Hi Chris,

it is not my intention, to do such a job. I'm just trying to reconstruct a bad behaviour. My users are doing such jobs.

The output of job 2 was a bad example as I saw later, that the job was not running already. That output changes for a running job. It more looks like:
   NumNodes=1 NumCPUs=48 NumTasks=2 CPUs/Task=1 ReqB:S:C:T=0:0:*:*
   TRES=cpu=48,mem=240000M,node=1,billing=58

Let me first give you a little more background:
complete node definition from our slurm.conf:
NodeName=nrm[001-208] Sockets=4 CoresPerSocket=12 ThreadsPerCore=1 RealMemory=187200 Feature=skylake,skx8160,hostok,hpcwork Weight=100622 State=UNKNOWN
complete partition definition from our slurm.conf:
PartitionName=c18m PriorityTier=100 Nodes=ncm[0001-1032],nrm[001-208] State=UP DefMemPerCPU=3900 TRESBillingWeights="CPU=1.0,Mem=0.25G"

We intend to do a fair billing regarding the resources, the user asked for. That is, why we use the TRESBillingWeights together with PriorityFlags=MAX_TRES. If the user uses half of the nodes memory and less cores, he should be billed for half of the node. Same for nodes with GPUs (not in the above definition). If a nodes possesses two GPUs and the user asks for one, he should at least get half the node billed.

So far, what we intended to do. But you can see the problem already in the output of job2. The billing is 58, which is more than the 48 cores of the node. This is, because, the user asked for 10G per cpu and also asked for two tasks. But since the job is exclusive, the job gets 48 CPUs. SLURM now multiplies the number of CPUs with the requested mem per cpu. So, TRES has more memory than the node has altogether.
To make it even worse, I increased the memory:
#SBATCH --mem-per-cpu=90000

output of the job(to be clear: scontrol show jobid):
   NumNodes=1 NumCPUs=48 NumTasks=2 CPUs/Task=1 ReqB:S:C:T=0:0:*:*
   TRES=cpu=48,mem=4320000M,node=1,billing=1054

I definitely know, we have no node with 4 TB memory. Might be, that I misunderstood the TRES at all, but I thought, they reflect the (theoretical) usage of the job, what is blocked for other jobs. The user does not have a chance to use the memory, he is being accounted for.

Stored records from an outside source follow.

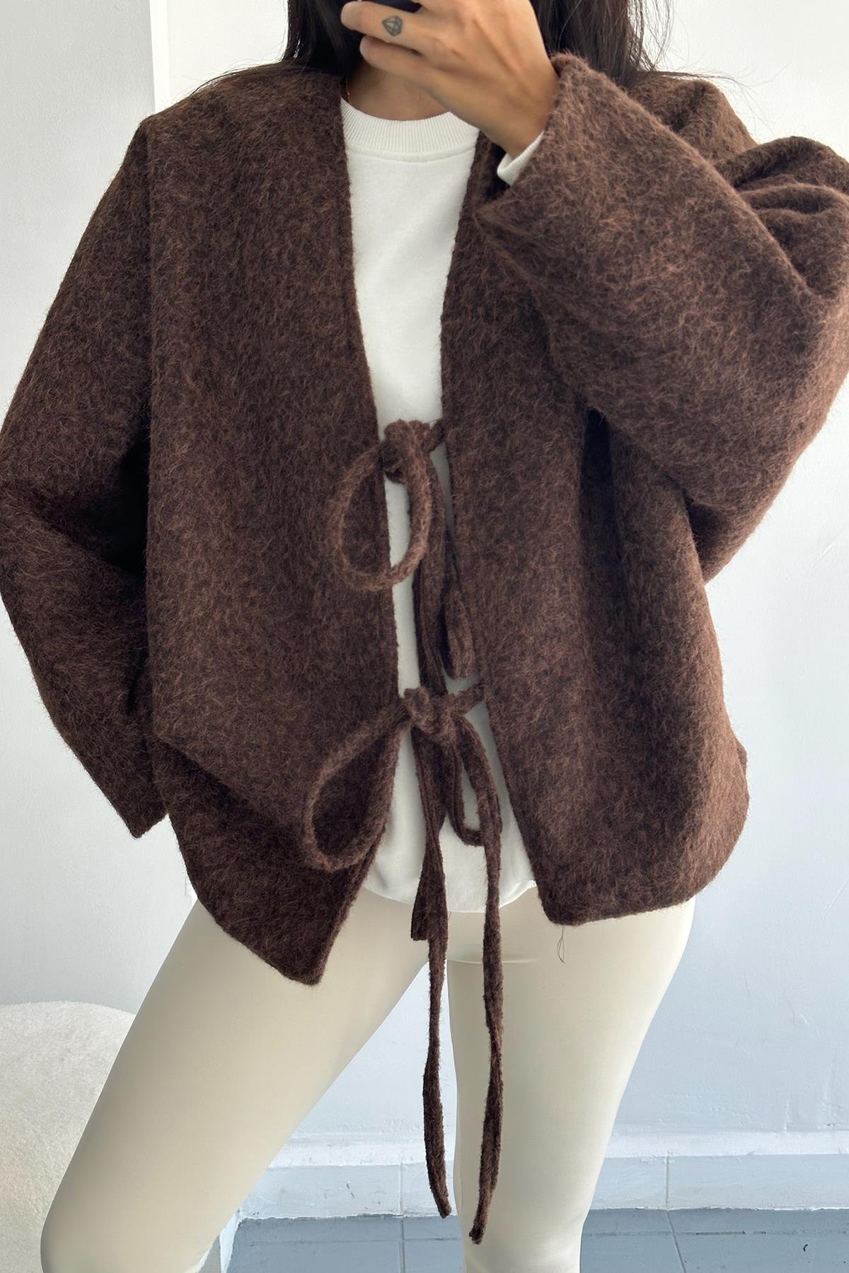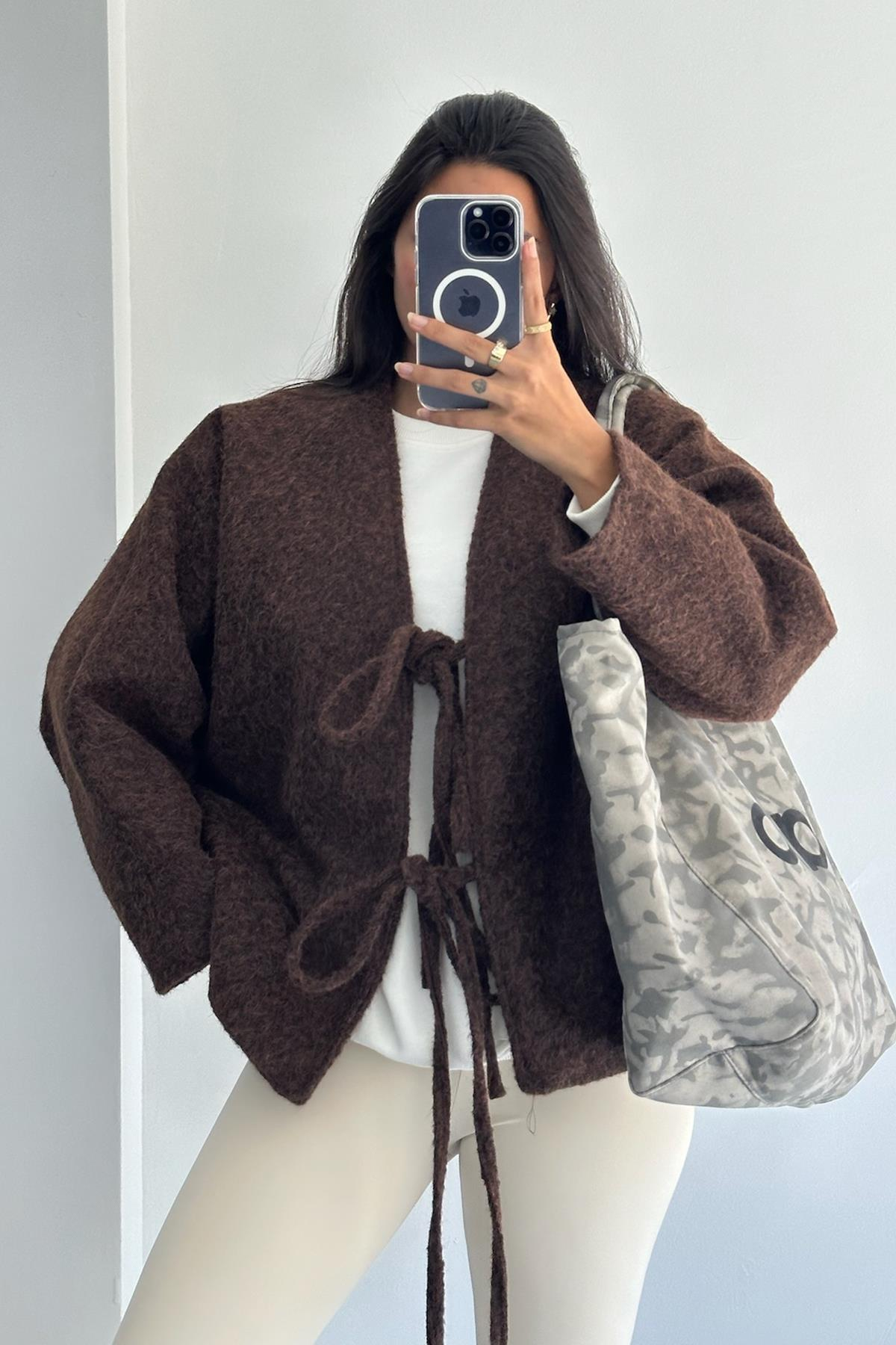 Önden Bağlamalı Kaşe Kahverengi Ceket
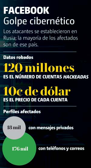 Un grupo de cibercriminales puso a la venta un paquete con los datos personales de 120 millones de cuentas de usuarios de Facebook a un precio de 10 centavos de dólar cada una; estas contienen, entre otra información, mensajes privados de los afectados.
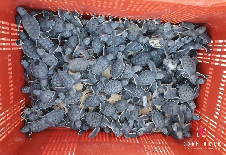 Трогать черепашек не рекомендуется, потому что первым их "впечатлением" в жизни должен быть песок этого пляжа, чтобы через много лет, они могли сюда вернуться и оставить новую жизнь.
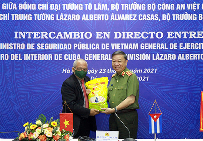 Cũng tại hội đàm, thông qua đồng chí Pedro Soca Pascual, thay mặt Bộ Công an Việt Nam, Bộ trưởng Tô Lâm trao 100 tấn gạo tặng Bộ Nội vụ Cuba để chia sẻ những khó khăn trong thời gian này.
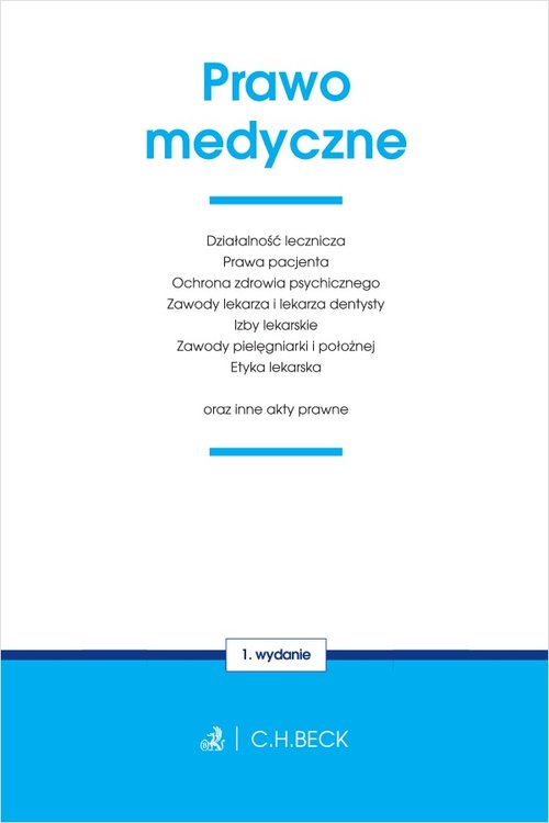 Stan prawny: 1 sierpnia 2019 r. Publikacja zawiera: Konstytucję Rzeczypospolitej Polskiej - wyciąg, Ustawę o działalności leczniczej - wyciąg, Ustawę o prawach pacjenta i Rzeczniku Praw Pacjenta, Ustawę o ochronie zdrowia psychicznego, Ustawę o zawodach lekarza i lekarza dentysty, Ustawę o izbach lekarskich, Ustawę o zawodach pielęgniarki i położnej, Ustawę o planowaniu rodziny, ochronie płodu ludzkiego i warunkach dopuszczalności przerywania ciąży, Ustawę o pobieraniu, przechowywaniu i przeszczepianiu komórek, tkanek i narządów, Ustawę o zapobieganiu oraz zwalczaniu zakażeń i chorób zakaźnych u ludzi, Ustawę o cmentarzach i chowaniu zmarłych - wyciąg, Ustawę o przeciwdziałaniu narkomanii, Ustawę o wychowaniu w trzeźwości i przeciwdziałaniu alkoholizmowi, Prawo o ruchu drogowym - wyciąg, Kodeks postępowania karnego - wyciąg, Kodeks postępowania cywilnego - wyciąg, Kodeks cywilny - wyciąg, Kodeks karny - wyciąg, Kodeks pracy - wyciąg, Kodeks etyki lekarskiej, Kodeks etyki zawodowej pielęgniarki i położnej Rzeczypospolitej Polskiej. Seria Teksty Ustaw Becka zawiera: Aktualny stan prawny Czytelne hasła i tekst Przypisy od Redakcji Wyróżnienie najnowszych zmian Wybór aktów prawnych Indeks rzeczowy
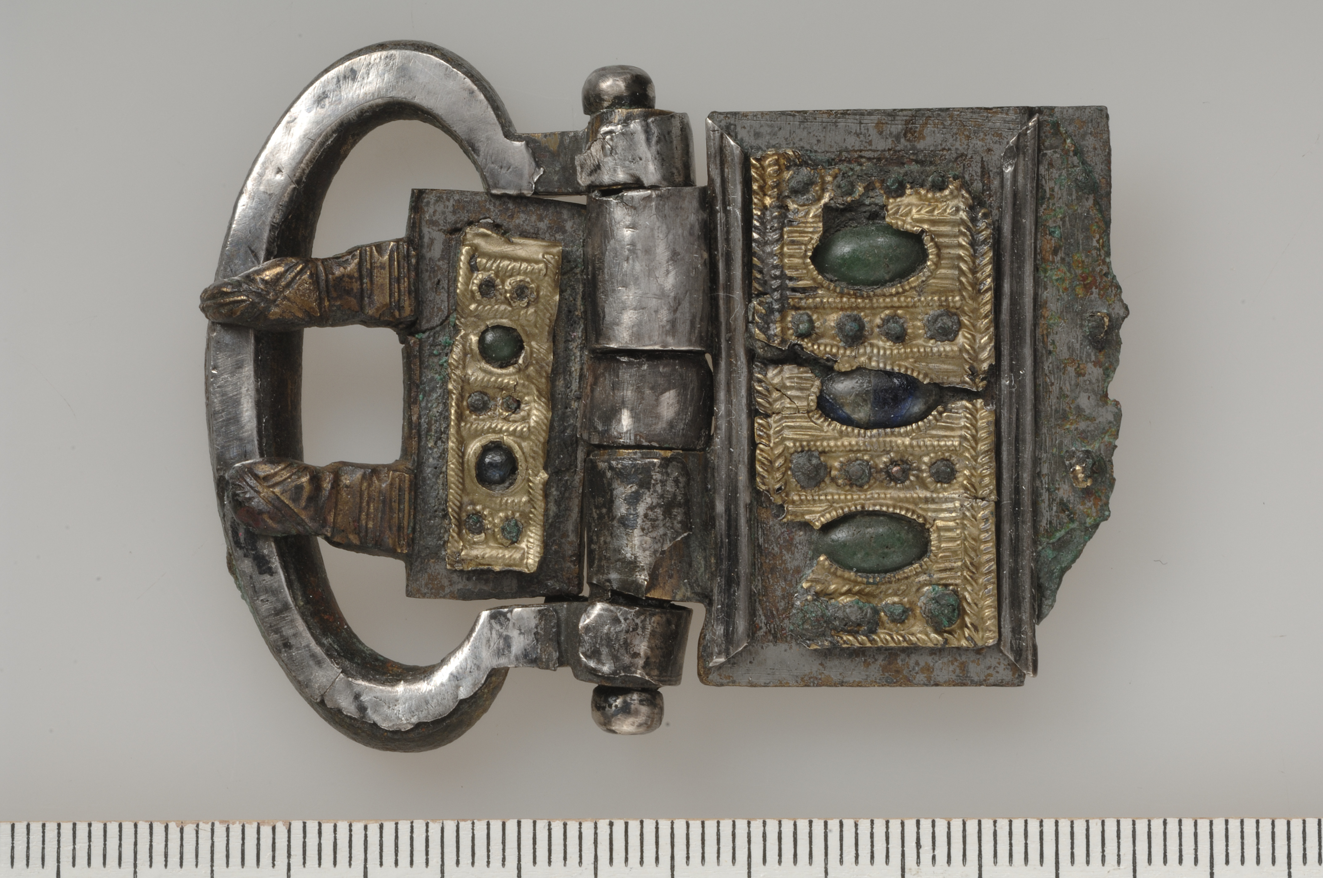 Sölja av brons och silver med förgyllningar och infatttningar.
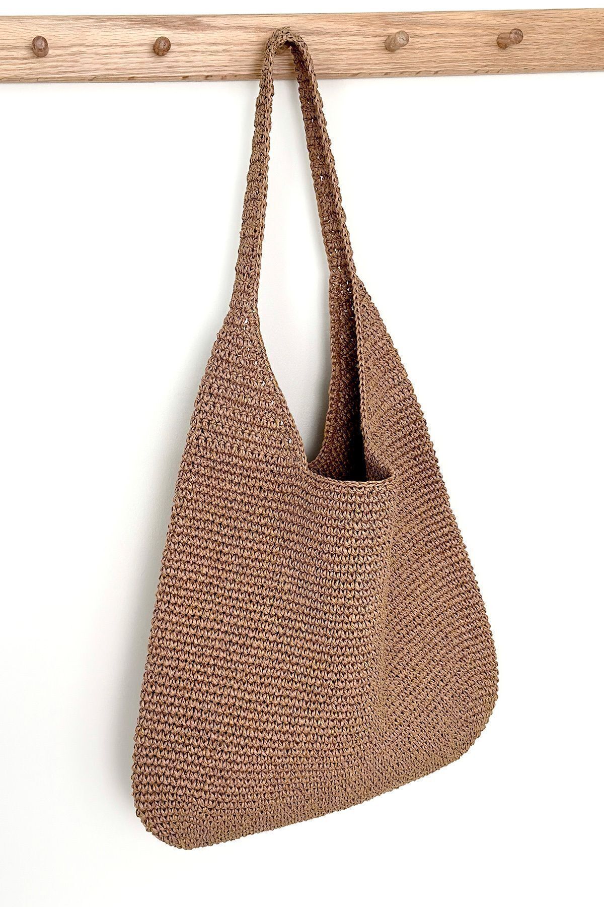 BECCASTYLE Hasır Çanta, Hasır Omuz Çantası, Yazlık Çanta, Plaj Çantası, El Yapımı Örgü Çanta, Hasır Rengi Çanta
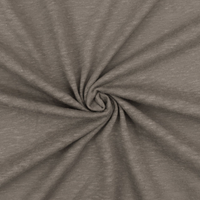 Discover the unique texture and comfortable stretch of this Latte Taupe Brown Slub Stretch Jersey Knit Fabric, crafted from a polyester-cotton-spandex blend. This lightweight, semi-sheer fabric offers horizontal, bias, and slight vertical stretch, providing excellent flexibility for various apparel needs.
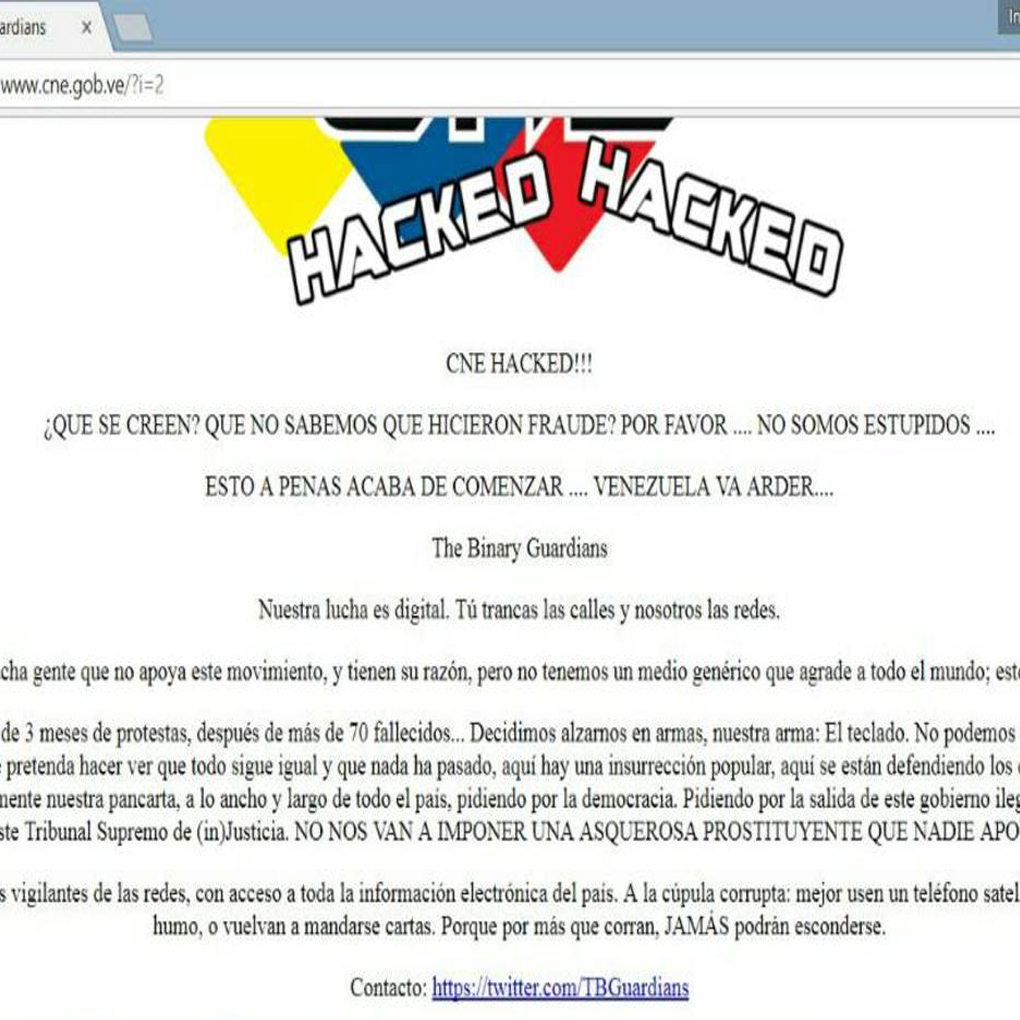 Un grupo llamado “The Binary Guardians” (Tbguardians) hackeó la página del Consejo Nacional Electoral.
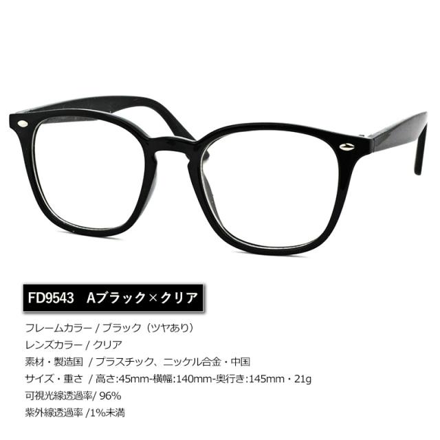伊達メガネ FD9543 UVカット 大きい スクエア ウェリントン
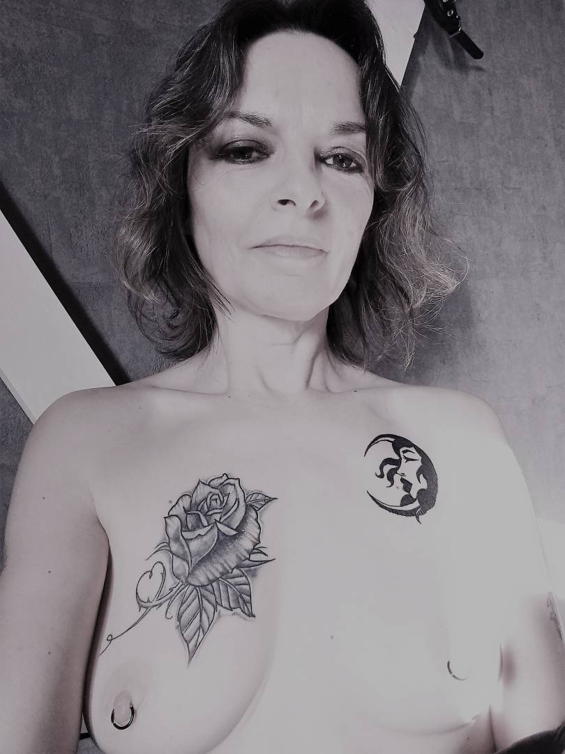 -Cet après-midi ma fille va réaliser un nouveau tatouage dessiné par elle,à priori sur mon sein droit.

I now looked into, what kind of cgroups are generated for these kind of jobs.

excerpt from the manpage (slurm.conf)

       RealMemory
              Size  of  real  memory  on  the  node in megabytes (e.g. "2048").  The default value is 1. Lowering RealMemory with the goal of setting aside some amount for the OS and not available for job allocations will not work as               intended if Memory is not set as a consumable resource in SelectTypeParameters. So one of the *_Memory options need to be enabled for that goal to be accomplished.  Also see MemSpecLimit.

So 187200 MB should be available at max for a job on this partition, right? So, what happens, if we omit the --mem-per-cpu option? We get exactly the number of CPUs times DefMemPerCPU. The billing therefore is 48, as intended.
But what happens, if we e.g. set --mem-per-cpu to 10000 MB?
/sys/fs/cgroup/memory/slurm/uid_40574/job_7195054/memory.limit_in_bytes: 201226977280 This are 191905 MB, as seen on the OS by free -m, and is more than the defined 187200MB RealMemory. As we have no swap enabled on the nodes, this means, the job could crash the node.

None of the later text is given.